Available data below:
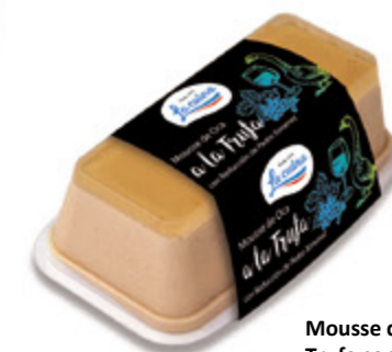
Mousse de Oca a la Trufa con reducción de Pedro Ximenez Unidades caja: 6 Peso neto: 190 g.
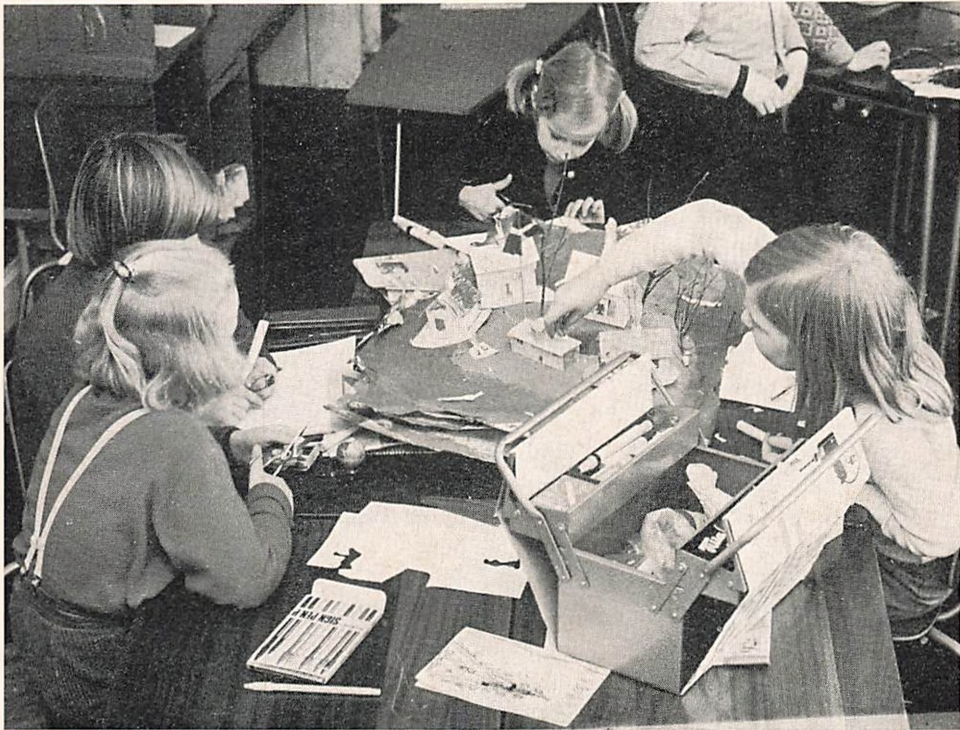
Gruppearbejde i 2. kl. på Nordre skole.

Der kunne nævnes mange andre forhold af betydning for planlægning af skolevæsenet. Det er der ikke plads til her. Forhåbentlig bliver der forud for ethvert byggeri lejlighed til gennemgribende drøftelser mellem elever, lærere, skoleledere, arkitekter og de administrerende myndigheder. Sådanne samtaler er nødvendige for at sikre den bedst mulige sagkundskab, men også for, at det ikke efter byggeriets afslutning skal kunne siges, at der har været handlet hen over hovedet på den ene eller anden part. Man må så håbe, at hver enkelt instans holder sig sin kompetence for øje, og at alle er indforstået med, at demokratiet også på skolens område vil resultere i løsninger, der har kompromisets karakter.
End of Available data.
- Required action: Return all the data exactly, and keep the pictures out.

- Your response:
Mousse de Oca a la Trufa con reducción de Pedro Ximenez Unidades caja: 6 Peso neto: 190 g.
Gruppearbejde i 2. kl. på Nordre skole.

Der kunne nævnes mange andre forhold af betydning for planlægning af skolevæsenet. Det er der ikke plads til her. Forhåbentlig bliver der forud for ethvert byggeri lejlighed til gennemgribende drøftelser mellem elever, lærere, skoleledere, arkitekter og de administrerende myndigheder. Sådanne samtaler er nødvendige for at sikre den bedst mulige sagkundskab, men også for, at det ikke efter byggeriets afslutning skal kunne siges, at der har været handlet hen over hovedet på den ene eller anden part. Man må så håbe, at hver enkelt instans holder sig sin kompetence for øje, og at alle er indforstået med, at demokratiet også på skolens område vil resultere i løsninger, der har kompromisets karakter.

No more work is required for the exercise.